将成员复制到std :: vector

Question

struct Node
{
    std::string name;
    ...
};

typedef std::vector<Node> Nodes;

Nodes nodes;
std::vector<std::string> names;

Is there a nice one-liner way of populating the vector names with Node::name for each item in nodes?

This is what I currently do:

names.reserve(nodes.size());
BOOST_FOREACH(Node node, nodes) 
{
    names.push_back(node.name);
}

I'm using C++98, std and boost.

Answer 1

This is much simpler with newer libraries (boost) and or standards (C++11), but you should be able to write a small functor:

struct ReadNodeName {
   std::string const & operator()(Node const & node) const {
      return node.name;
   }
};

And then use std::transform

std::transform(nodes.begin(), nodes.end(),
               std::back_inserter(names),
               ReadNodeName());

With boost, the functor could be just boost::bind , in C++11 you could use a lambda: [](Node const & node) { return node.name; }; [](Node const & node) { return node.name; }; , in C++14 a shorter lambda [](auto& n) { return n.name; } [](auto& n) { return n.name; } :

std::transform(nodes.begin(), nodes.end(),
               std::back_inserter(names),
               [](auto & n){return n.name;});

---

Using boost bind -- beware, untested, I don't have access to boost

std::transform(nodes.begin(), nodes.end(),
               std::back_inserter(names),
               boost::bind(&Node::name, _1));

Answer 2

Use std::transform . This takes care of the actual copying in one line.

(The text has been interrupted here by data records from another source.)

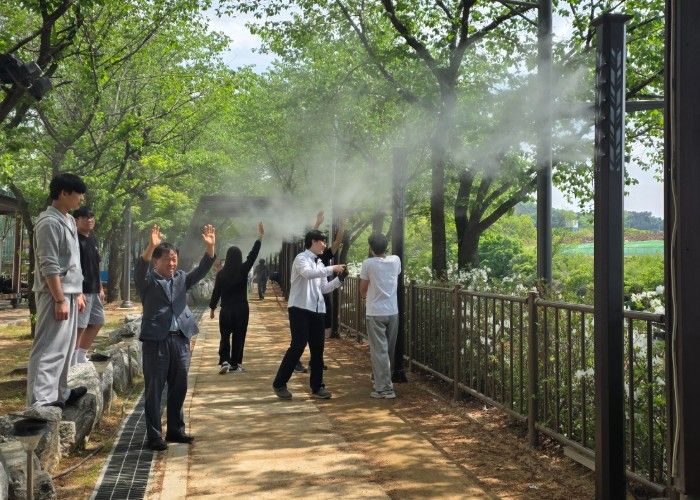 쿨링포그는 미세한 물 입자를 분사해 주변 온도를 낮추는 폭염 저감 시설이다.
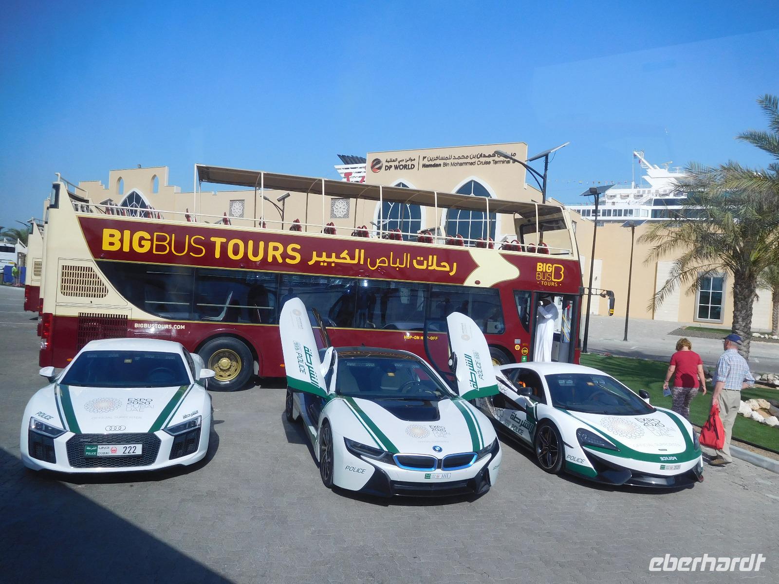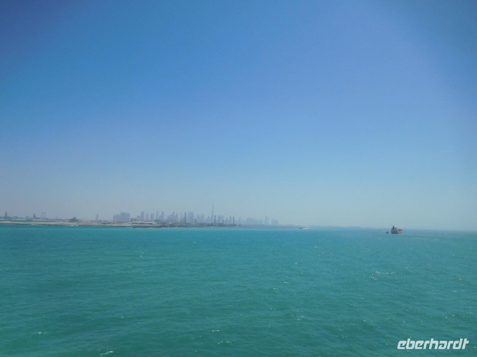 Den Tag konnten wir noch einmal an Bord genießen, bevor wir am frühen Nachmittag in Dubai anlegten. Nach etwas langwierigen Einreisekontrollen hatten wir wieder festen Boden unter den Füßen und wurden herzlich von unserer Reiseleiterin Anja begrüßt. Gemeinsam fuhren wir zur ersten weltbekannten Sehenswürdigkeit: Das 6-Sterne-Hotel Burj Al Arab, bei dem wir beim kurzen Fotostopp den feinen Sandstrand an unseren Füßen genießen konnten.
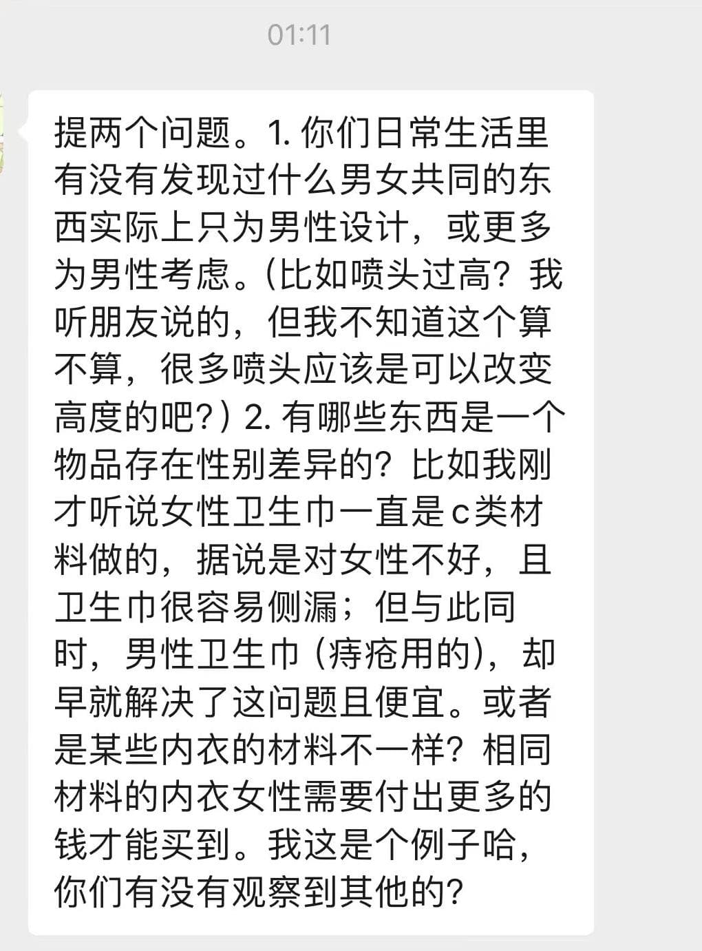 小马关注到了生活中的设计存在对女性的差别对待。能看出,他对性别议题的深入思考确实是建立在大量阅读的基础上的。
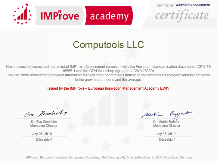 Innovation is the core success factor in the fast-changing business world. It is stated by the European Innovation Management Academy (IMP³rove academy) experts. Recently, Computools has successfully passed the assisted IMP³rove Assessment compliant with the European standardization documents and got an appropriate certificate.
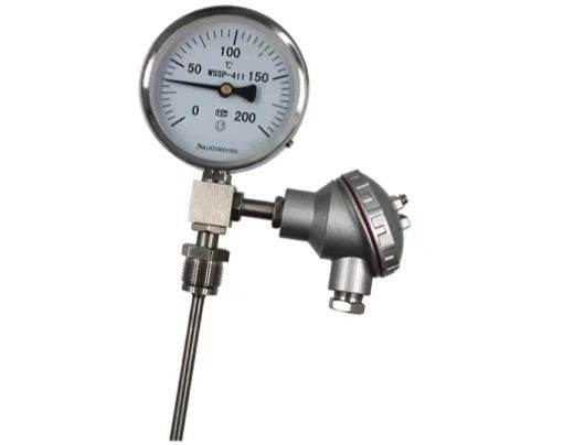 W S S帶熱(rè)電偶(阻)溫度變送器的雙金屬溫度(dù)計是現場(chǎng)就地顯示和遠傳電信號的溫度傳感器。它既可(kě)以現場指示(shì)溫度又可傳送熱電偶(阻)和二線製溫度(dù)變送器信號,作為新一(yī)代的溫度計,可(kě)廣泛用於(yú)冶金、石化、電力、輕(qīng)紡、食(shí)品、國防等工業部門。
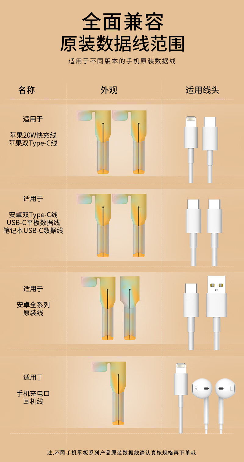 MPPMCK手机充电线保护套防断头数据线保护套防折断适用于苹果16promax手机充电线保护头华为vivo专用 双typec【粉色】七代新款数据线保护套
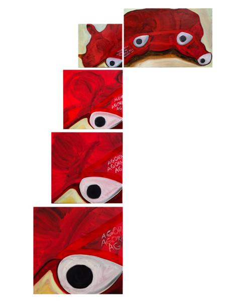 What an odd pose the seller chose to showcase this antique porcelain rhino in: Laying on its side with its painted-on eyes eternally open, it looks either hurt or dead. Its legs are stiff and projected towards the viewer, making it possible to see the bottom of its hooves - teardrop-shaped and with a circular hole in their center. The magical beast with eyes for paws has been slayed, and its story must be told. I tell this story through painting because painting is how i speak, and because every painting is a spell, I get to make four wishes - one for each eye-hoof. After the piece is finished, I conclude that the area around the frontal eye-hoof is my favourite part of the painting, its shapes and colors especially interesting. I paint the rhino again three more times, zooming-in on this detail, trying to figure out what about it is so alluring. Does this mean I get to make seven wishes? With each close-up, the word NOW seems louder. The eye looks back at me with ever-increasing interest.
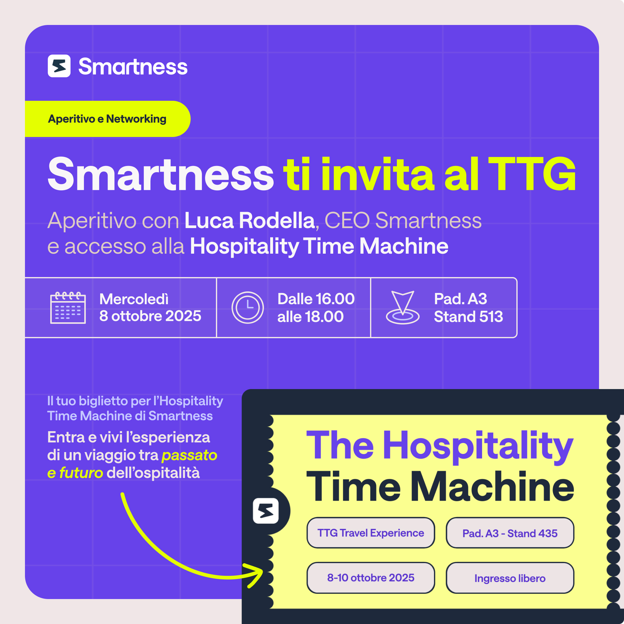 Dall’8 al 10 ottobre 2025 Smartness sarà tra i protagonisti del TTG Travel Experience di Rimini con la sua Hospitality Time Machine: uno stand concepito non come semplice spazio espositivo, ma come esperienza immersiva capace di riportare i visitatori indietro nel tempo e condurli verso il futuro dell’ospitalità.
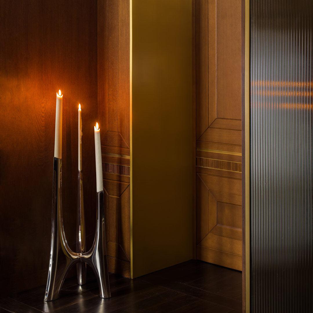 Transform your home's atmosphere with the remarkable Triglav Candleholder in a choice of two sizes, the Triglav 41 size is for placing on a mantelpiece or console table and the Triglav 83 is perfect for freestanding in the corner of a dining room or hallway.
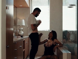 Busty latina trans Jessy Dubai is anal fucked in the kitchen
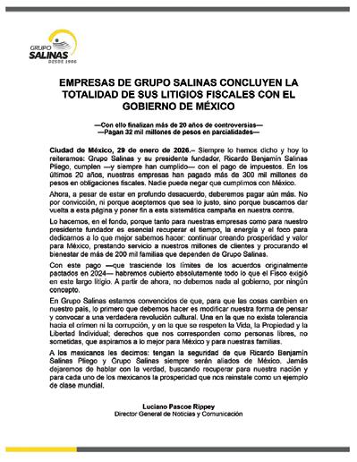 Tributaria reiteró que tras el pago de más de 10 mil 400 millones de pesos, el empresario Ricardo Salinas Pliego deberá saldar su deuda, estimada en 32 mil millones de pesos a través de pagos que realizará a lo largo de 18 meses n Negocios
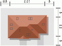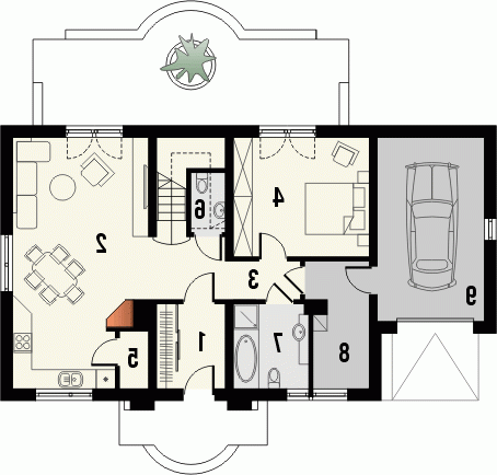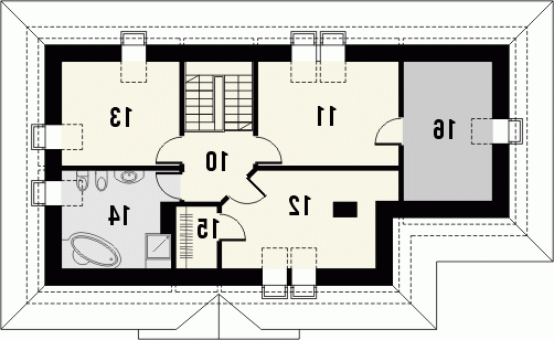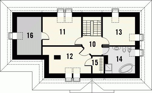 Budynek niepodpiwniczony, piętrowy, z garażem jednostanowiskowym. Parter domu mieści strefę dzienną z salonem i kuchnią ze spiżarką oraz dużą sypialnię, łazienkę, wc i pomieszczenie gospodarcze z wejściem do garażu. Funkcjonalne poddasze pod dachem stromym to trzy dodatkowe pokoje, łazienka i strych nad garażem. Dokumentacja dostępna też w odbiciu lustrzanym.

You will have to write a transformation function, though.

Answer 3

如果向Node添加getName()函数，则可以执行以下操作：

std::transform(nodes.begin(), nodes.end(), back_inserter(names), mem_fun(&Node::getName));

Answer 4

Since you mention boost, here is one liner with boost::lambda :

std::transform(nodes.begin(),nodes.end(), std::back_inserter(names), &boost::lambda::_1 ->* &Node::name );

Boost lambda cannot overload .* so first we need to get address & , and then use ->* to get reference to member.